» What to produce
Strip the pictures, then copy the remaining data exactly as it stands.

» Dataset excerpt
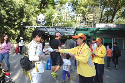 新京报讯 (记者信娜)在北京公交车站,身着黄色工作服的首都公共文明引导员成为熟悉身影。今年“十一”期间,这抹黄色也首次出现在北京动物园等市属公园。北京市公园管理中心相关负责人介绍,“十一”长假期间,将有100名首都文明引导员走进市属公园,协助开展文明游园引导。
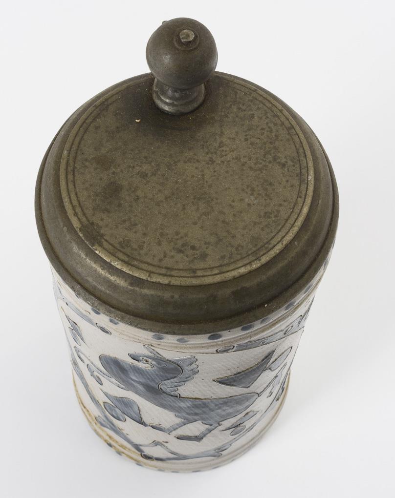 Zylinderform mit spitz ausgestrichenem Ohrenhenkel. Zinndeckel mit Kugeldrücker. Zinn mit Altersspuren und Defekten, partiell feine Wandungsrisse.
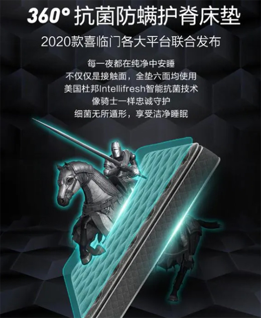 2020年,喜臨門全新推出抗菌防螨系列床墊,喜臨門城市愛情京東旗艦店同步上新抗菌防螨床墊。該系列床墊采用美國杜邦抗菌和瑞士山寧泰防螨雙核技術,凈護您的健康睡眠。
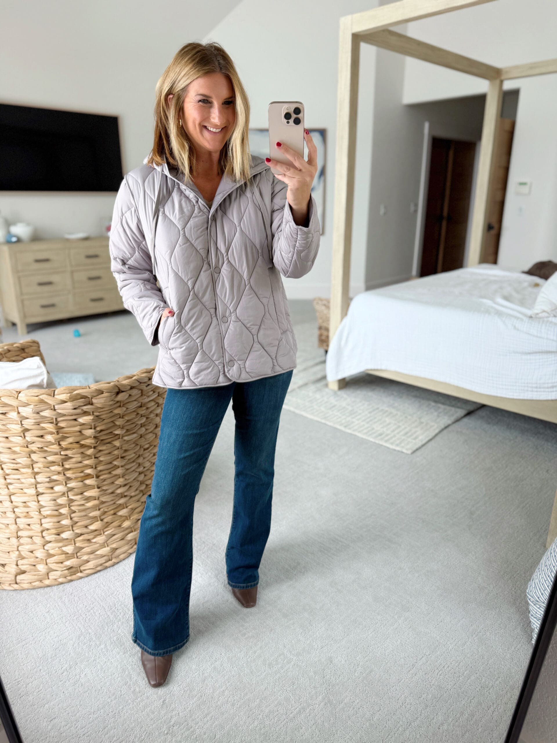 Water-Resistant Puffer Jacket [true to size] // Jeans [size down] // Similar Booties

» Solution to this exercise
 新京报讯 (记者信娜)在北京公交车站,身着黄色工作服的首都公共文明引导员成为熟悉身影。今年“十一”期间,这抹黄色也首次出现在北京动物园等市属公园。北京市公园管理中心相关负责人介绍,“十一”长假期间,将有100名首都文明引导员走进市属公园,协助开展文明游园引导。
 Zylinderform mit spitz ausgestrichenem Ohrenhenkel. Zinndeckel mit Kugeldrücker. Zinn mit Altersspuren und Defekten, partiell feine Wandungsrisse.
 2020年,喜臨門全新推出抗菌防螨系列床墊,喜臨門城市愛情京東旗艦店同步上新抗菌防螨床墊。該系列床墊采用美國杜邦抗菌和瑞士山寧泰防螨雙核技術,凈護您的健康睡眠。
 Water-Resistant Puffer Jacket [true to size] // Jeans [size down] // Similar Booties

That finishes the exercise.